2. Q&A: Remuneration
All who are not lunatics are agreed about certain
things. That it is better
to be alive than dead,
better to be adequately fed than starved, better
to be free than a slave. [More]
humankind has
become so much one family
that we cannot insure
our own prosperity except by insuring that of
everyone
else. If you wish to be happy yourself, you
must resign yourself to seeing
others also happy.
-Bertrand Russell
Remuneration according to effort and sacrifice (and in some cases need) is rather different than the usual left preceptwhich is remuneration according to contribution to the social product. The latter pays a large person and a small person cutting cane by the size of the piles they accumulate. The former pays a large person and a small person cutting cane for the amount of time they are working (assuming they are both working comparably hard). This also goes for a person who has learned how to cut well and one who doesnt have the same competence. For the same hardship and effort, even with different size piles cut, you get the same pay.

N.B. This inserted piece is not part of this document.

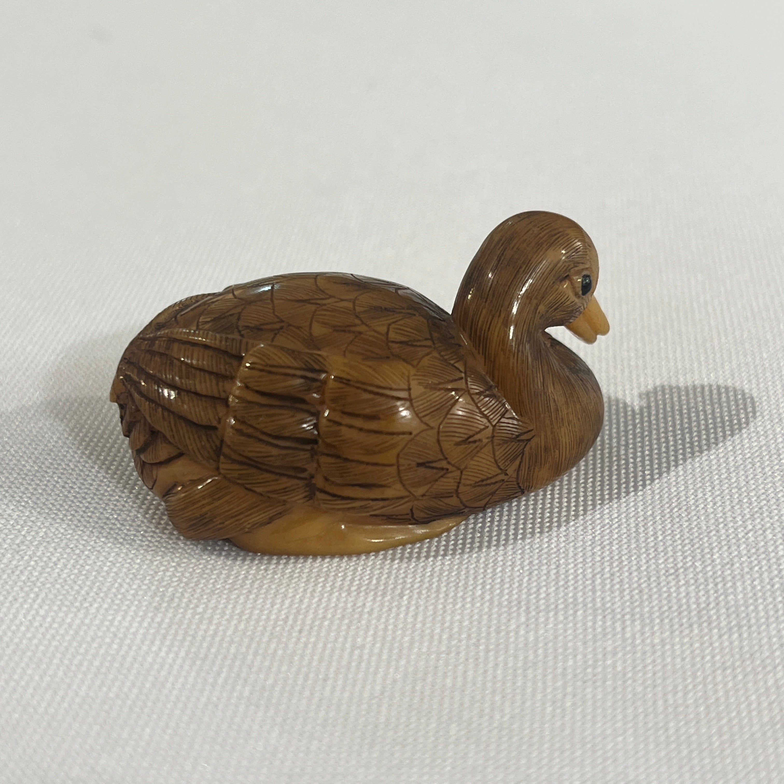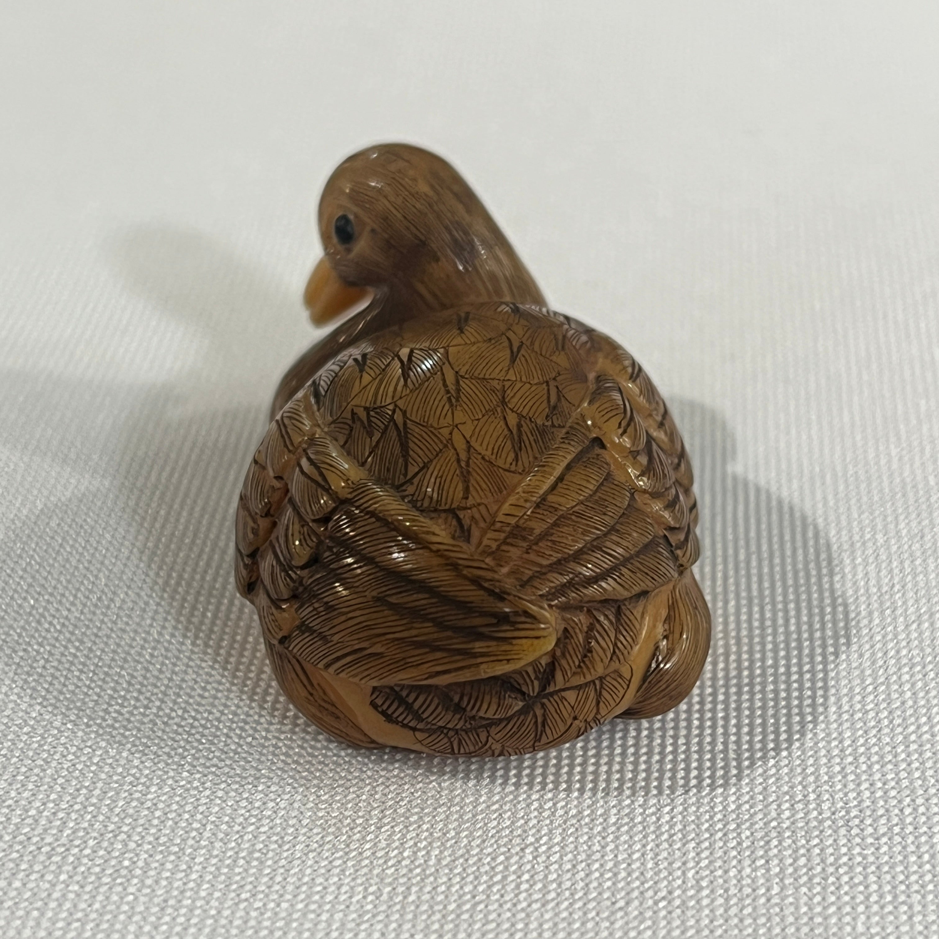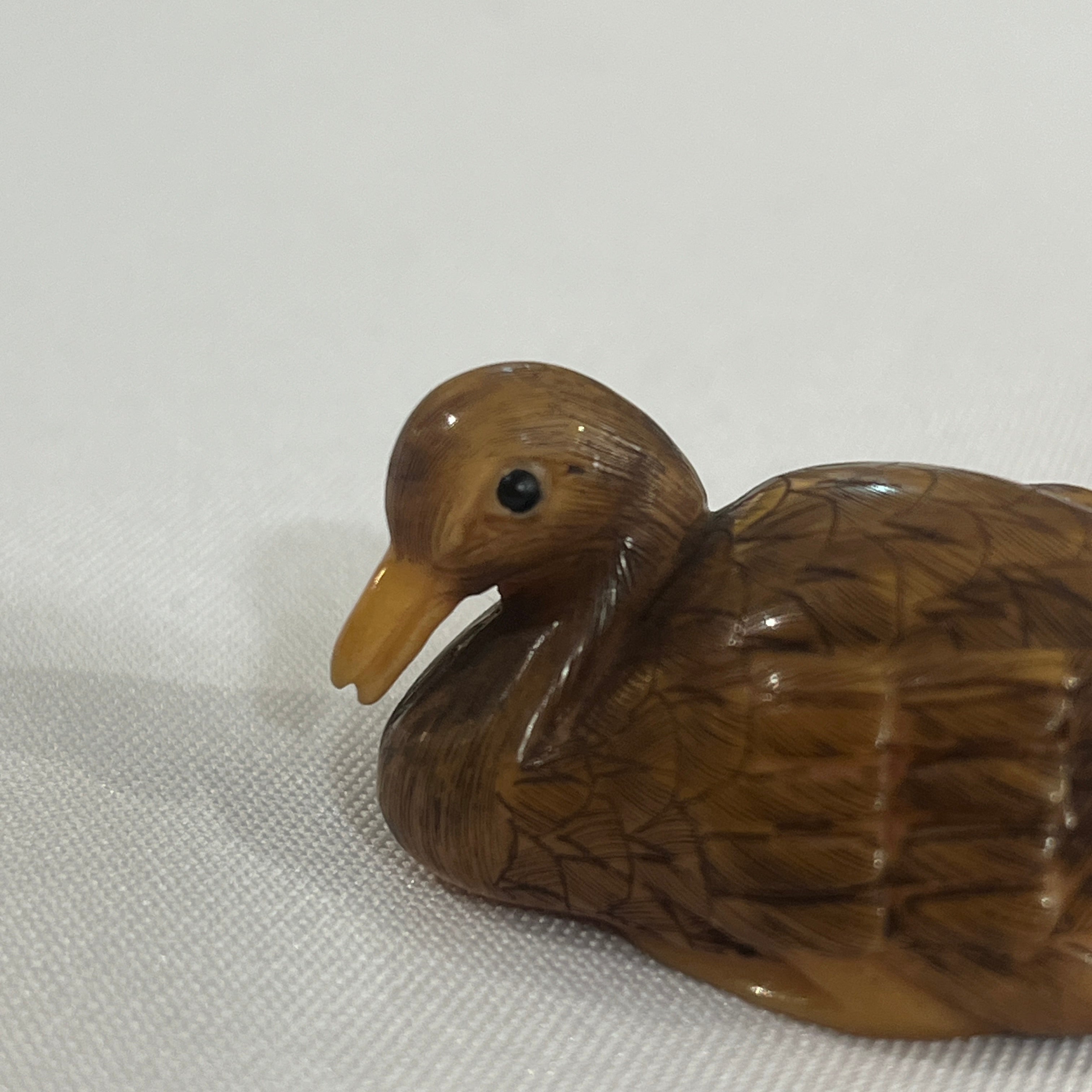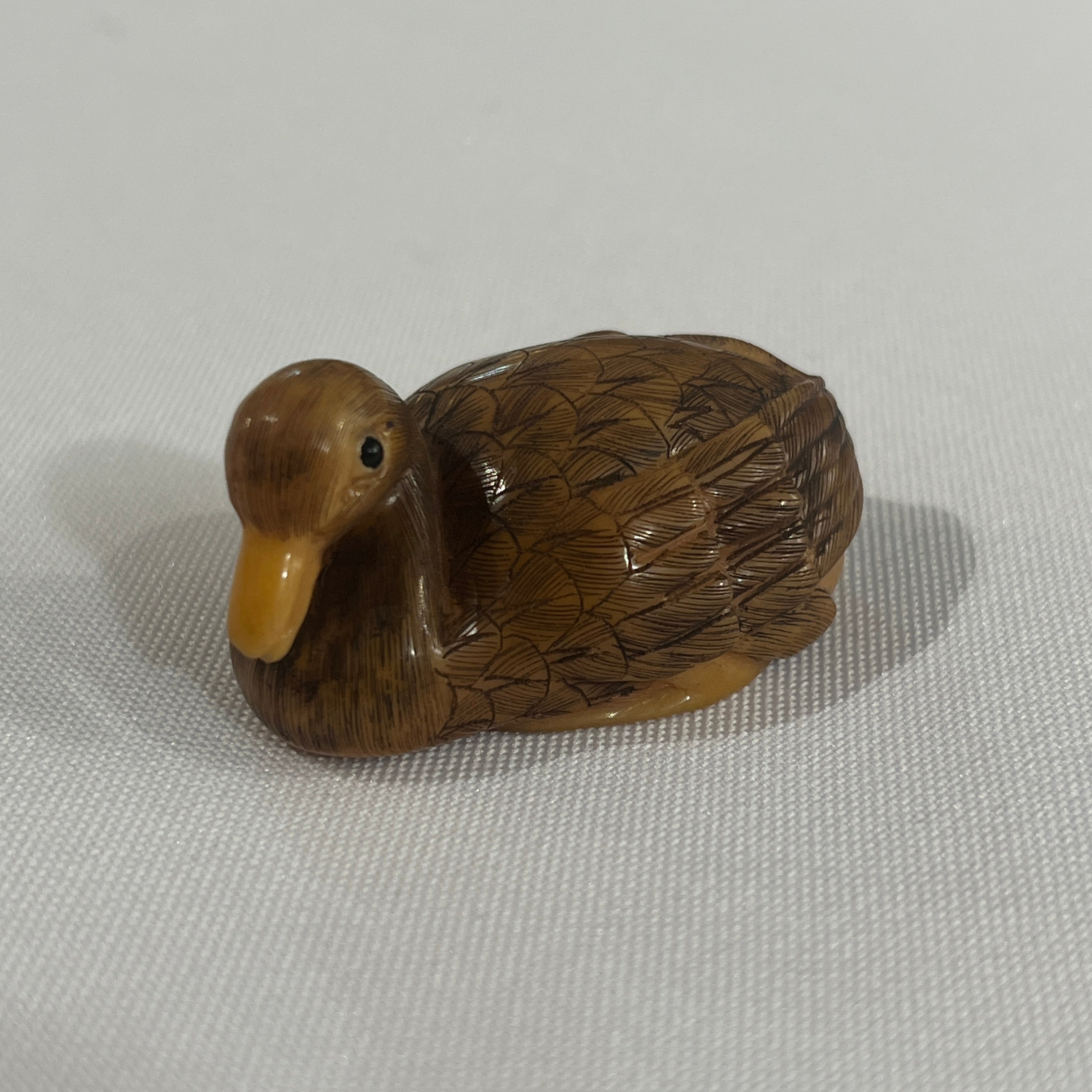 Preciosa figura Netsuke en madera, representando un pato La pieza está tallada detalladamente y tiene las características tradicionales de este singular objeto de la cultura japonesa, cómo su inscripción, aunque no tiene sus huecos para amarrar al kimono, haciendo de esta una pieza decorativa. En su base trae una inscripción que dice '

Now suppose you have a cushy job and I have a horribly onerous one. We both work a full day, at the rate each job calls for. I would be paid more because of more hardship (and probably more effort). Thus if there is no equity of circumstance but there is pay according to effort and sacrifice, pay makes up for inequity of circumstance. If there is real equity of circumstance, then pay will be a function of time worked except for modest variation in effort.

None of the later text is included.